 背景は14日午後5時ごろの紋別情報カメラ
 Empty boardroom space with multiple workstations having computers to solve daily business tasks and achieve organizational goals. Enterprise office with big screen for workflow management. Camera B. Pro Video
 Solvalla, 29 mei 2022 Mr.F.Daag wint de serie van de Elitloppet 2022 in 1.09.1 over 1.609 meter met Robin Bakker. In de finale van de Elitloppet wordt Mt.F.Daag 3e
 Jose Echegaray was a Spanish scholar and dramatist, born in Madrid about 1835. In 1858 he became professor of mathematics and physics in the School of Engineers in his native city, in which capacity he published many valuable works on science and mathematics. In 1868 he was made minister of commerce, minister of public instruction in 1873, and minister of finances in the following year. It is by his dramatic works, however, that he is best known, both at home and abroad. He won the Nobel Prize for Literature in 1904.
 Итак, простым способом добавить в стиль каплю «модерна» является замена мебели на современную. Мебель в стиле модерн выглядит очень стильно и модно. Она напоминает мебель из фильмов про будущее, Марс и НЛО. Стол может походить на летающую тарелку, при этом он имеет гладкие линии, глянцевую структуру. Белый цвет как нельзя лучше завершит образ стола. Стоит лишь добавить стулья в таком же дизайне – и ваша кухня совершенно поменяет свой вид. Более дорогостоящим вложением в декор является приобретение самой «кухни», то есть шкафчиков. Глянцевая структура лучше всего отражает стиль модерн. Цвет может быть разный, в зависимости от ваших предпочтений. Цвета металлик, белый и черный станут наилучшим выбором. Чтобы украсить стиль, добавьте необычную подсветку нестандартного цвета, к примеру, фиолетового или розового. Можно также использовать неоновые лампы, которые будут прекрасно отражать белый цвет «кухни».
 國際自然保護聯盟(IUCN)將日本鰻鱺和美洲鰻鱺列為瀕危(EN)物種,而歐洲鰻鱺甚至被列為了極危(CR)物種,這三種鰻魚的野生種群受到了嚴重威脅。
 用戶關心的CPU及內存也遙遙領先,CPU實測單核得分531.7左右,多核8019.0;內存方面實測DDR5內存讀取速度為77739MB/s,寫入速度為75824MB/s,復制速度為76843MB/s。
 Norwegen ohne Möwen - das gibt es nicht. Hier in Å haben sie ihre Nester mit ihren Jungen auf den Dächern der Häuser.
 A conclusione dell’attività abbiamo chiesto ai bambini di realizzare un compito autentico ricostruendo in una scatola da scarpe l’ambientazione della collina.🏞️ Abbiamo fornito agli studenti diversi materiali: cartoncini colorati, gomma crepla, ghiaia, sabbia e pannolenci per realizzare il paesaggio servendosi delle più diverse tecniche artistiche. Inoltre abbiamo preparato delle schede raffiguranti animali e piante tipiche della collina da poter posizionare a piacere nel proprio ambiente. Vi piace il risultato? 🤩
------------
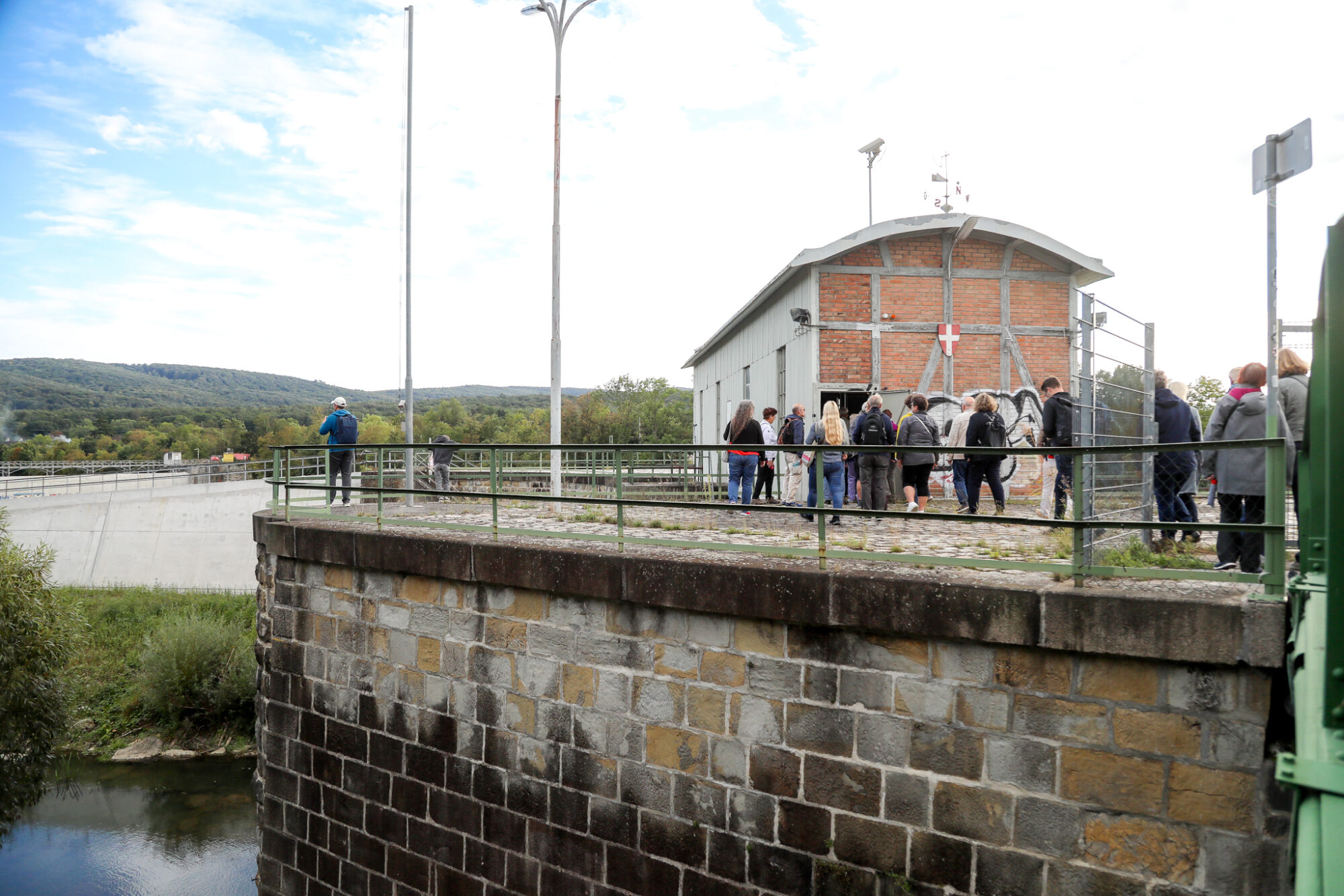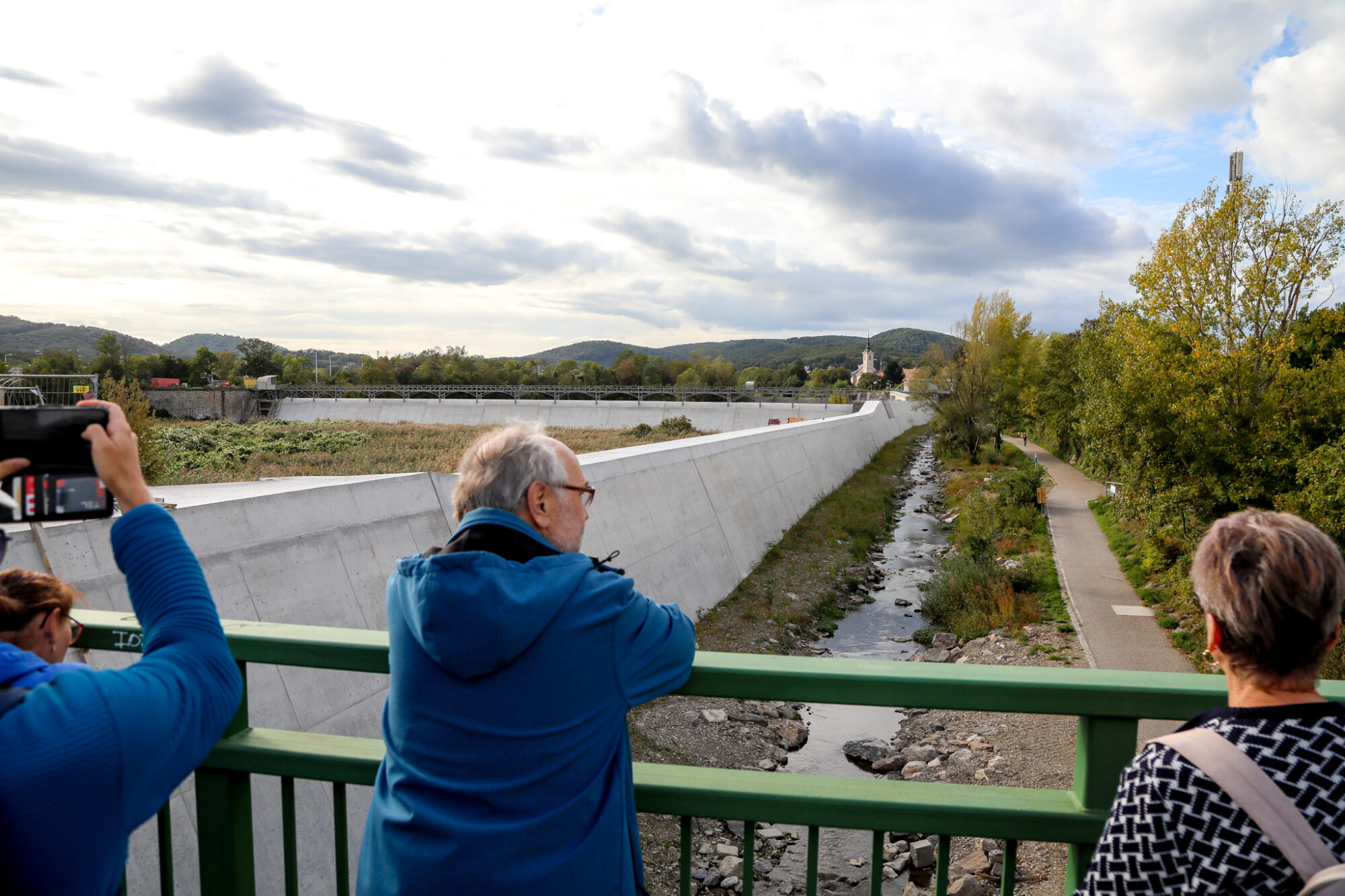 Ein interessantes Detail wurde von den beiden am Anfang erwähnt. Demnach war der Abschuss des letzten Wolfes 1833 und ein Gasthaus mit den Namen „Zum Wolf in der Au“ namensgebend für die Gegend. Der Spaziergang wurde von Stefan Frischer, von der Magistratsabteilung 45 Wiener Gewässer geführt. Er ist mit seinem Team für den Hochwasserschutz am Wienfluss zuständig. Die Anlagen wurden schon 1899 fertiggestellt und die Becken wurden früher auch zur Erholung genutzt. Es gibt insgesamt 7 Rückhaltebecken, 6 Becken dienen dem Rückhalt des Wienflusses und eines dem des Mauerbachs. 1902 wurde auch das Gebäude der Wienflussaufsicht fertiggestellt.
------------
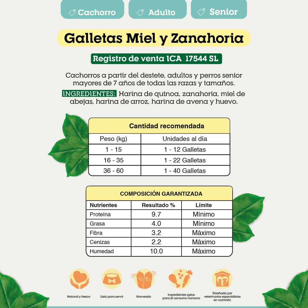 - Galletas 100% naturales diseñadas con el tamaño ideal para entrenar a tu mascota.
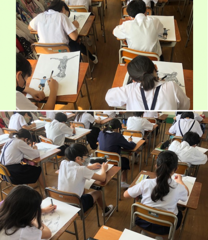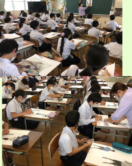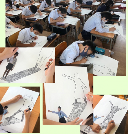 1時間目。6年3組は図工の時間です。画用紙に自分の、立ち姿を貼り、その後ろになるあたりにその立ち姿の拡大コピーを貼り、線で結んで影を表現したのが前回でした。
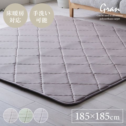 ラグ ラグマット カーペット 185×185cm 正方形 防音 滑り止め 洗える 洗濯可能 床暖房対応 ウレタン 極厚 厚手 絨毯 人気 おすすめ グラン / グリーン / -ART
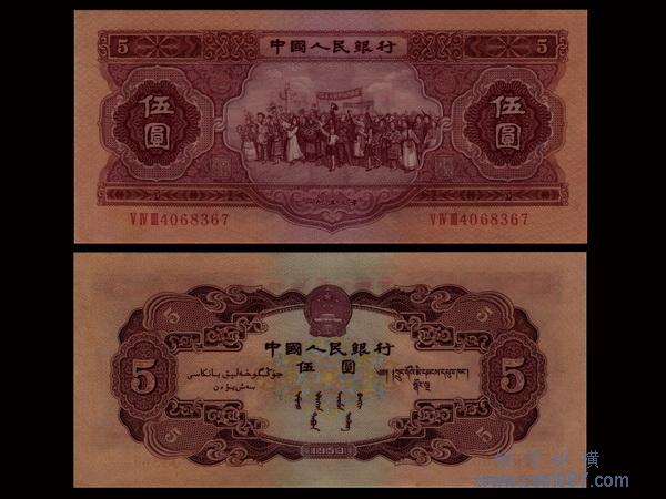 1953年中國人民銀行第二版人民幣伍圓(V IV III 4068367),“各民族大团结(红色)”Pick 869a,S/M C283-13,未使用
------------
=== Your task ===
Every line above from the line with "Solvalla, 29 mei" to the line with "Norwegen ohne Möwen", inclusive, must be returned exactly; no other line belongs in the reply.

=== Solution for this task ===
 Solvalla, 29 mei 2022 Mr.F.Daag wint de serie van de Elitloppet 2022 in 1.09.1 over 1.609 meter met Robin Bakker. In de finale van de Elitloppet wordt Mt.F.Daag 3e
 Jose Echegaray was a Spanish scholar and dramatist, born in Madrid about 1835. In 1858 he became professor of mathematics and physics in the School of Engineers in his native city, in which capacity he published many valuable works on science and mathematics. In 1868 he was made minister of commerce, minister of public instruction in 1873, and minister of finances in the following year. It is by his dramatic works, however, that he is best known, both at home and abroad. He won the Nobel Prize for Literature in 1904.
 Итак, простым способом добавить в стиль каплю «модерна» является замена мебели на современную. Мебель в стиле модерн выглядит очень стильно и модно. Она напоминает мебель из фильмов про будущее, Марс и НЛО. Стол может походить на летающую тарелку, при этом он имеет гладкие линии, глянцевую структуру. Белый цвет как нельзя лучше завершит образ стола. Стоит лишь добавить стулья в таком же дизайне – и ваша кухня совершенно поменяет свой вид. Более дорогостоящим вложением в декор является приобретение самой «кухни», то есть шкафчиков. Глянцевая структура лучше всего отражает стиль модерн. Цвет может быть разный, в зависимости от ваших предпочтений. Цвета металлик, белый и черный станут наилучшим выбором. Чтобы украсить стиль, добавьте необычную подсветку нестандартного цвета, к примеру, фиолетового или розового. Можно также использовать неоновые лампы, которые будут прекрасно отражать белый цвет «кухни».
 國際自然保護聯盟(IUCN)將日本鰻鱺和美洲鰻鱺列為瀕危(EN)物種,而歐洲鰻鱺甚至被列為了極危(CR)物種,這三種鰻魚的野生種群受到了嚴重威脅。
 用戶關心的CPU及內存也遙遙領先,CPU實測單核得分531.7左右,多核8019.0;內存方面實測DDR5內存讀取速度為77739MB/s,寫入速度為75824MB/s,復制速度為76843MB/s。
 Norwegen ohne Möwen - das gibt es nicht. Hier in Å haben sie ihre Nester mit ihren Jungen auf den Dächern der Häuser.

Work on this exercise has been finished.